Submissions might include engagement with avian technoscience as it relates to:

—Birds becoming technology (e.g. data, models, maps, sensors,sentinels, as well as Indigenous and non-Western approaches to technology) and how, for example, these may reinforce or challenge dominant modes of knowledge production

—Technology becoming avian (e.g. biomimicry, or the use of bird bodies and behaviors as technological reference points) as, for instance, instrumentalized for military tech development

—Technologies of ornithological study (e.g. bird banding/ringing, radar, passive acoustic monitoring, 3D scanning, machine learning) and, for example, their relationship to the colonial logics of capture

—Technologies of managing avian life and death (e.g. technologies for conservation, de-extinction, bird breeding, reproduction, and response to avian zoonoses) and how, for instance, they instantiate control of sex, gender, and sexuality

—Contact zones between birds and technological infrastructures (e.g. interactions between birds and cell towers, energy infrastructures, etc.) as related to environmental and multispecies justice concerns, for example

—The link between birds and technologies of surveillance (e.g. drones, birdfeeder cams, and nest cams) and, for instance, what they surface about racialized hypervisibility and invisibility

—Bird taxonomy and classification technologies, and, for example, how they reinforce hegemonic categorization

—Community science platforms and other collective modes of bird tracking, including, for instance, their exclusions of marginalized peoples and the consequences of those exclusions for birds —And creative approaches to imaging, sounding, or sensemaking of birds through media and computation technologies relating to any of the above

LINK TO FULL CALL: https://catalystjournal.org/index.php/catalyst/announcement/view/976 <https://catalystjournal.org/index.php/catalyst/announcement/view/976>

We welcome diverse submission formats including: Writing (scholarly, creative, interviews, reviews, and more); creative research/research-creation; visual, moving image, and sonic artworks; media rich essays; and other innovative approaches. Interdisciplinary research is particularly encouraged.
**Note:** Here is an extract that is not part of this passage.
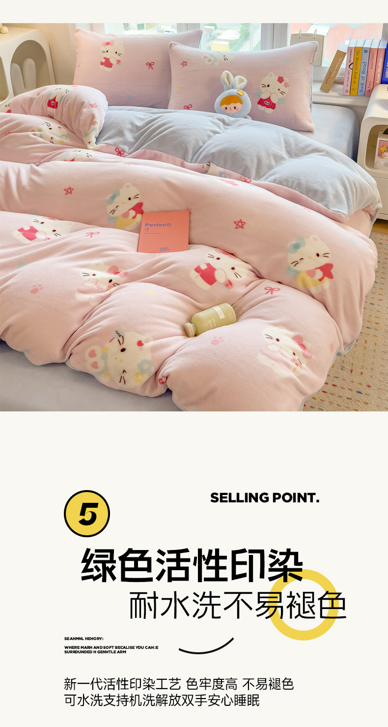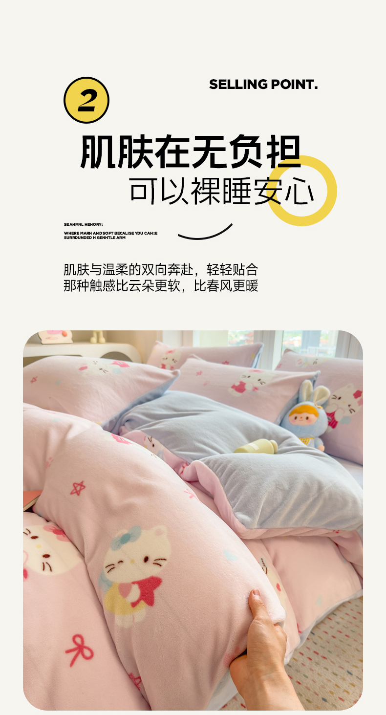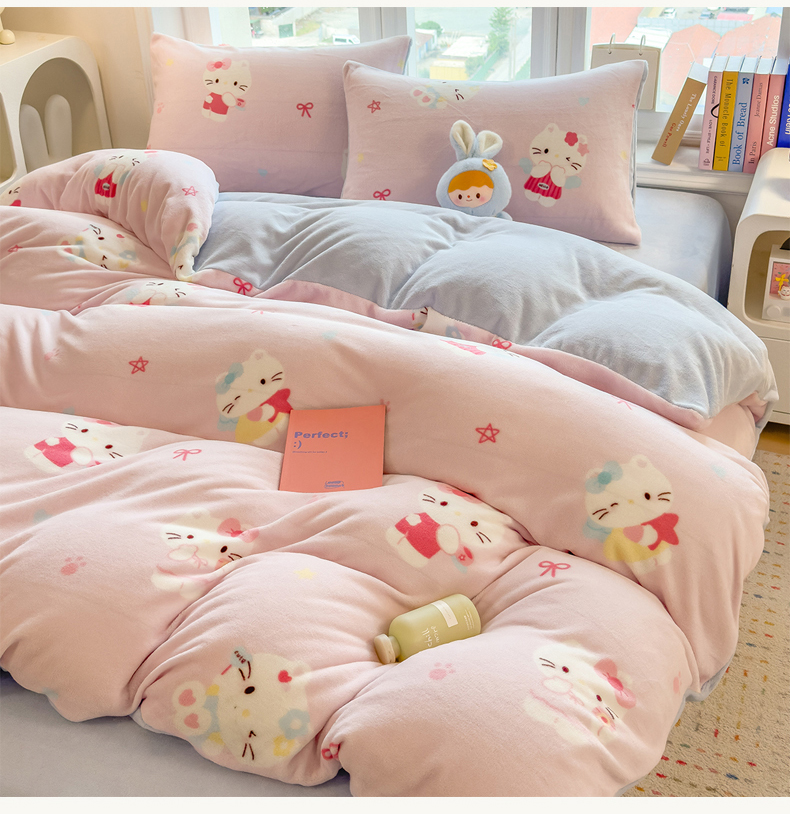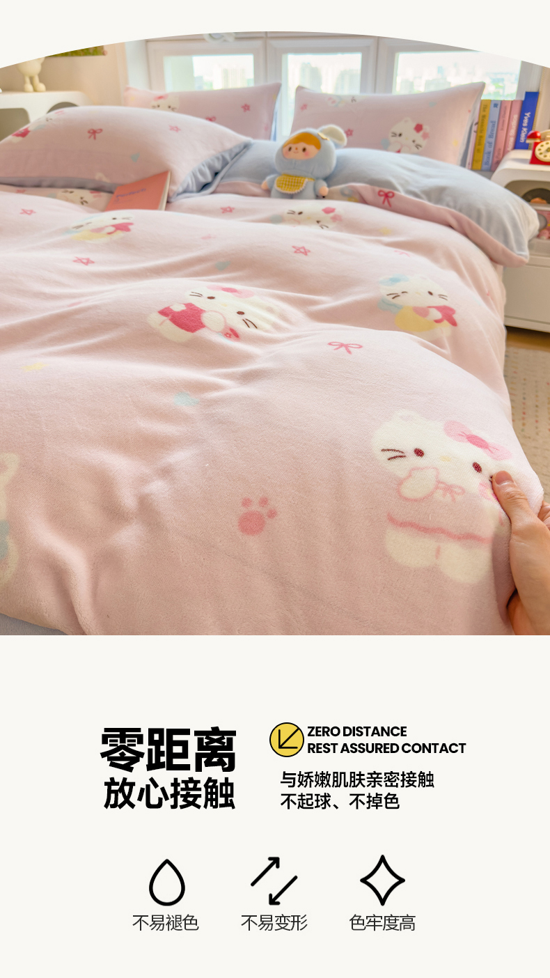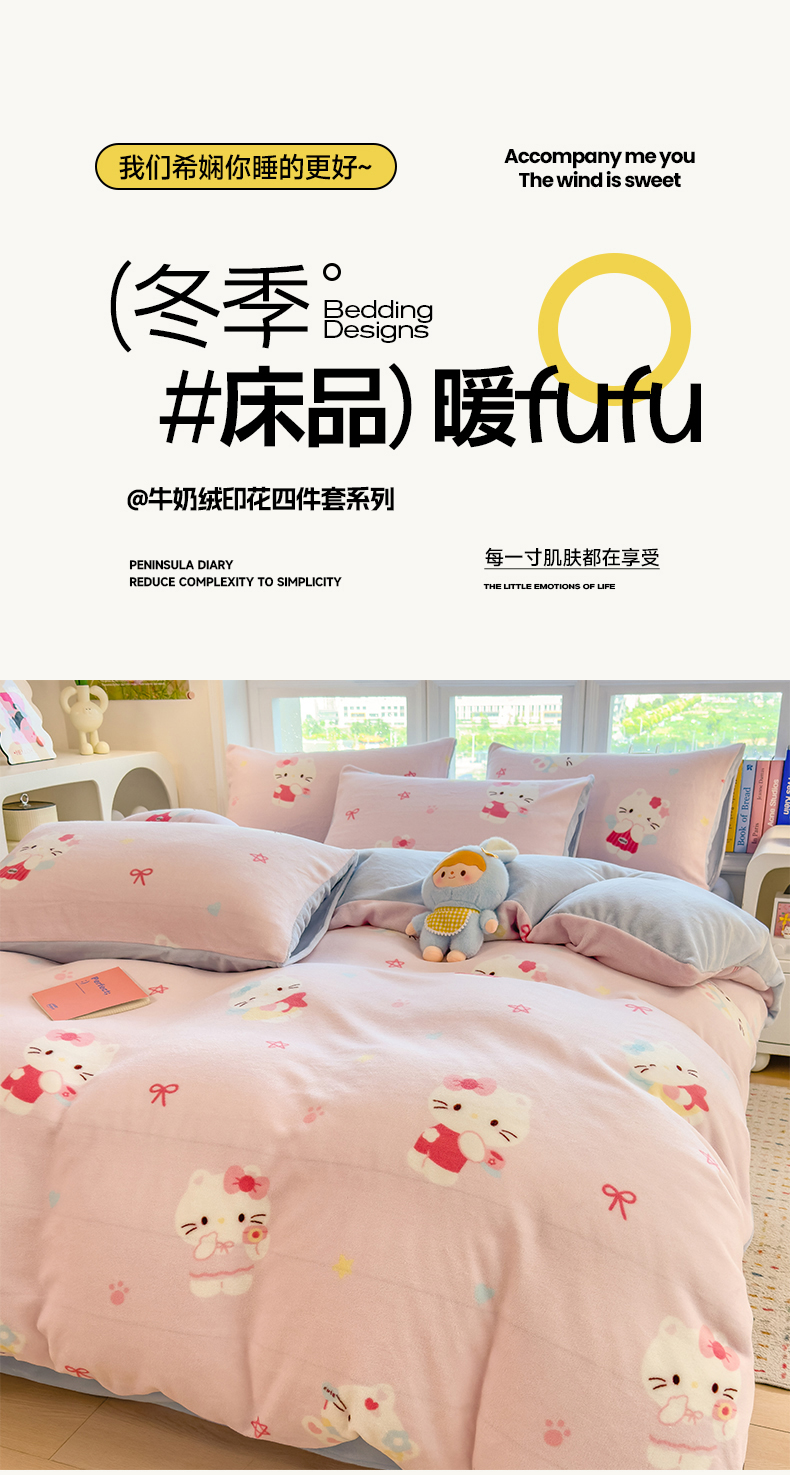 当前位置: 91家纺网 > 商品网购 > 床品套件 > 四件套 > 牛奶绒四件套 > 摩妮卡 摩妮卡 2025新款加厚款小清新牛奶绒印花四件套床单款床笠单被套 凯蒂粉梦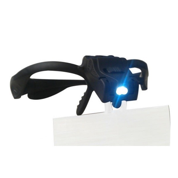 Μεγεθυντικός φακός κεφαλής προσαρμοσμένος σε σκελετό γυαλιών. Ιδιαίτερα πρακτικός για εργασίες που απαιτούν ελεύθερα χέρια. Κατάλληλος για μικροεπισκευές, ηλεκτρονικούς, ωρολογοποιούς κλπ.

To be considered for inclusion in this themed section, please send an abstract or proposal (300-500 words) and a short bio (max 250 words) to Maya Livio ((livio /at/ american.edu) <mailto:(livio /at/ american.edu)>), Pamela Perrimon ((perrimon /at/ usc.edu) <mailto:(perrimon /at/ usc.edu)>), and Hamsini Sridharan ((hamsinis /at/ usc.edu) <mailto:(hamsinis /at/ usc.edu)>) with “Murmurations” in the subject line by March 31, 2025.

ABOUT THE JOURNAL: Catalyst: Feminism, Theory, and Technoscience serves the expanding interdisciplinary field of feminist science and technology studies (STS) by supporting theoretically inventive and methodologically creative scholarship incorporating approaches from critical public health, disability studies, sci-art, technology and digital media studies, history and philosophy of science and medicine, and more. Catalyst publishes peer-reviewed, critically and theoretically engaged feminist STS scholarship.

Selected papers and projects will be invited to submit fully developed submissions. No payment from authors will be required.